Nala is about 20 months and has decided she really doesn't like eating breakfast anymore. We had been feeding her about 2 1/2 cups a day, 1 cup in the morning and the rest for dinner. But lately she is refusing to eat in the morning, she reluctantly eats about a 1/2 cup if i leave it out for her. But doesn't seem all that interested. No problem on the dinner tho, she licks the bowl clean. I do mix in some fresh food on both meals as a topper.

Shes about 60 lbs and smallish for a golden. We have her on the Acana ranchlands kibble at the moment, but also debating changing to see if she could be bored with it?

Is this worth a vet visit to see if anything is wrong or just normal as she gets closer to the 2year old mark? Everything else seems fine, normal energy level and normal poops.


----------



## Piper_the_goldenpuppy (Aug 26, 2016)

Dogs sometimes get picky about their food. I don't change dog foods if something is working (normal poops, energy, good skin/coat/ears). Changing foods can create picky eaters in dogs. She just might not be as hungry, or is turning her nose up perhaps because she prefers the fresh food on top (is she eating that in the morning?), and by evening she is hungry enough to eat both. If she's of normal weight (meaning you can't see her ribs/hip bones prominently, but can fee her ribs), then its OK if she skips a few meals. 

What I usually do in this situation is put food down for 15 minutes, and if she doesn't eat, I put it back up and thats it, no more food until the next meal. The problem usually rights itself within a week or so, and she'll be back to happily chowing down on her breakfast. There are a lot of threads about similar issues if you search this forum. 

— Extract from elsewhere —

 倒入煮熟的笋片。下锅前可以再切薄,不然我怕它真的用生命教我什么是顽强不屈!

Its up to you whether you want to change foods or not. I personally don't think its necessary and can make pickiness worse. 

The other thing I would say is that Acana/Orijen type foods are excellent, but they are pretty rich. I've found that often dogs, especially goldens, require even less food than they state as their recommended feeding guide. If your dog is getting 2 1/2 cups of acana PLUS whatever calories from the fresh food, she just might not be hungry enough. If she's of normal weight or over, you could calculate how much calories she's getting from the fresh, and reduce the acana accordingly (or ballpark by going to 3/4 cups twice daily Acana). 

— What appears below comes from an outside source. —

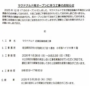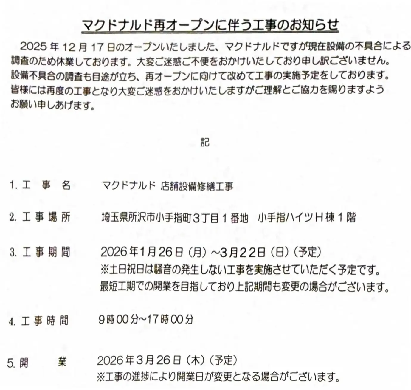 マクドナルド小手指駅南口店の再オープンの時期がわかりましたのでご報告いたします。2026年3月26日予定となっているようです。営業をする上で何らかの問題が起こり、どうも内装を全面的にやり直しをする必要が発生した模様。
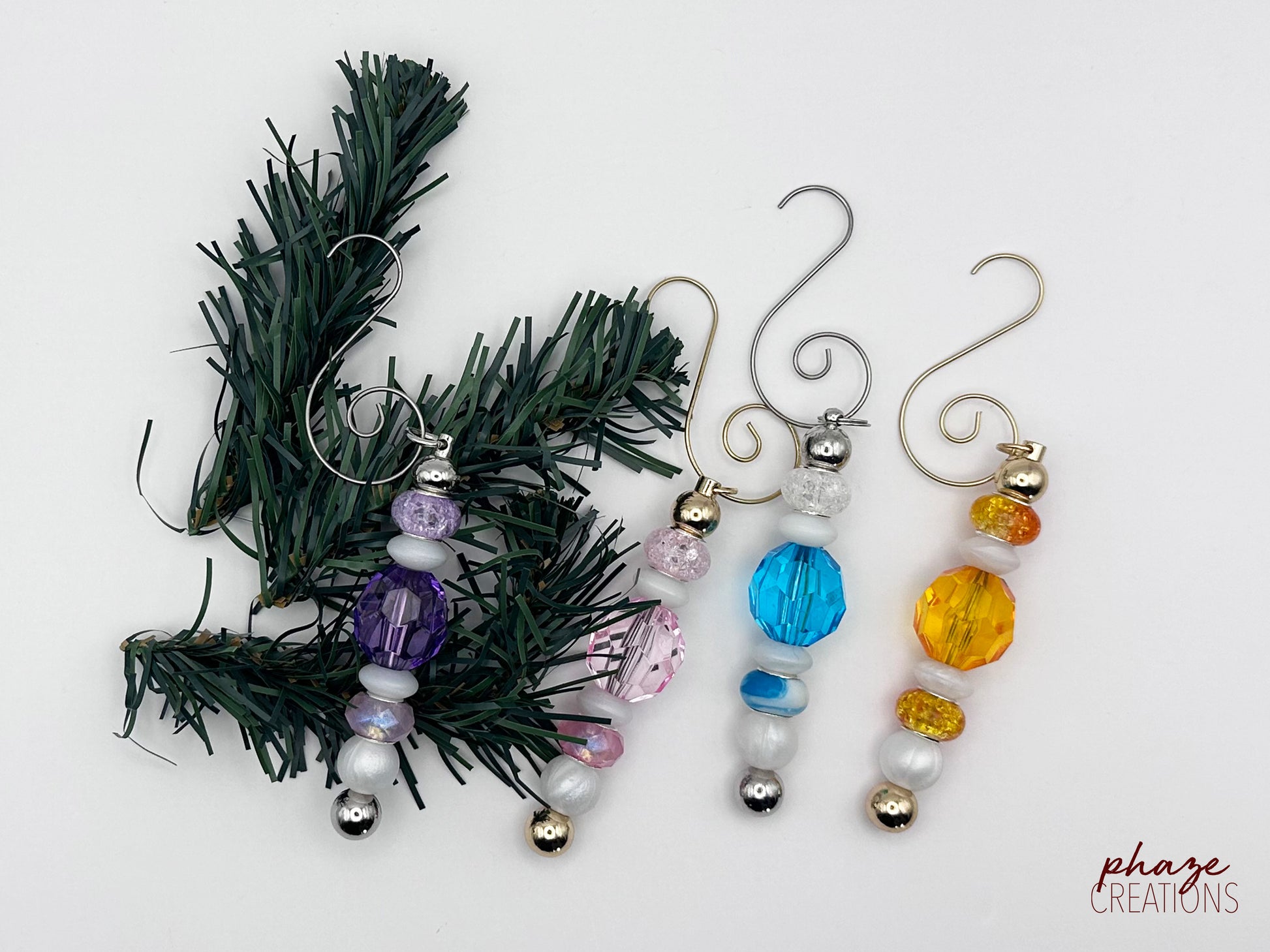 These crystal dreams inspired ornaments double as keychains, car charms, and backpack bling. Created using acrylic, metal, and silicone beads and upcycled metal keychain bars, each adds unique color and gleam. The large, oblong, crystal-like ball has the right amount of translucency when set near holiday lights.

Also, just to reassure you, 60lbs is not necessarily smallish for a female golden!! The breed standard for our girls is 55-65lbs, with height 21.5-22.5 inches. She's well within the breed standard. I think people forget, but Goldens are actually more medium-sized dogs. We treat them like large sized dogs because of their orthopedic issues, and there are a lot of Goldens out there that are larger than the breed standard.


----------